La cercanía de los comicios intensifica la batalla por el voto útil. Génova teme el trasvase de apoyos hacia una formación, la de Abascal, que gana terreno entre los indecisos.
Con la cita electoral en el horizonte inmediato, la relación entre el Partido Popular y Vox atraviesa su momento de mayor tensión estratégica. Alberto Núñez Feijóo ha intensificado sus esfuerzos por marcar distancias con las políticas de Santiago Abascal, en un intento de pescar en el caladero del centro y evitar que el PP sea asimilado por el discurso de la derecha más radical.

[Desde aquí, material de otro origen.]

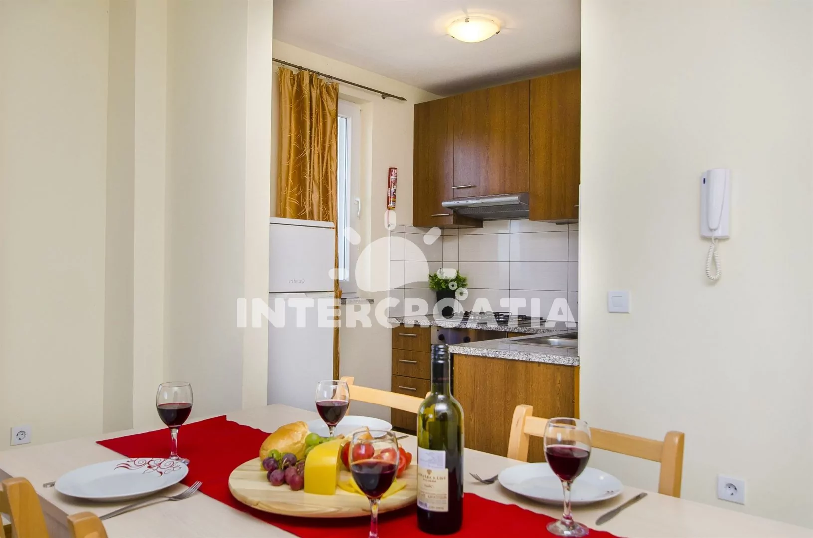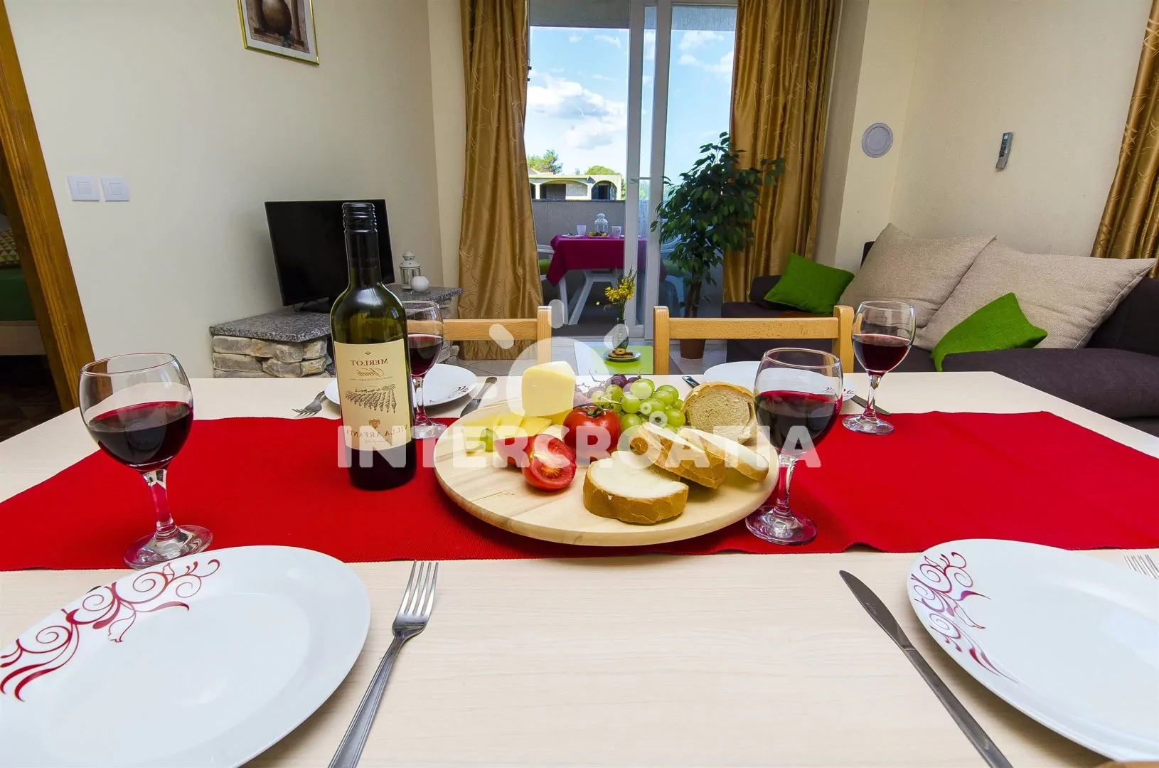 Apartmán (70 m2) s balkonem a venkovním posezením se nachází v 1. patře vily a je vhodný pro 2 až 4 osoby. Obývací pokoj je spojený s kuchyní. Kuchyňská linka je vybavena varnou deskou, digestoří,…

A pesar de este alejamiento público en el discurso nacional, la realidad en las comunidades autónomas dicta un guion diferente. Ambas formaciones mantienen abiertas negociaciones críticas en Extremadura y Aragón para integrar a Vox en los ejecutivos autonómicos. Esta dualidad pone al PP en una situación comprometida: tratar de parecer moderado en los mítines mientras firma pactos de coalición en los despachos.
El Partido Popular observa con preocupación cómo Vox no solo resiste, sino que se afianza. Desde las filas populares se advierte que la estrategia de Abascal —basada en un discurso emocional y confrontativo que sus críticos califican de falaz— está calando con éxito en un sector determinante de votantes indecisos.
El temor en Génova es real: que la fragmentación del voto en la derecha acabe penalizando sus opciones de victoria total, mientras Vox aprovecha cada resquicio para presentarse como la única alternativa «sin complejos».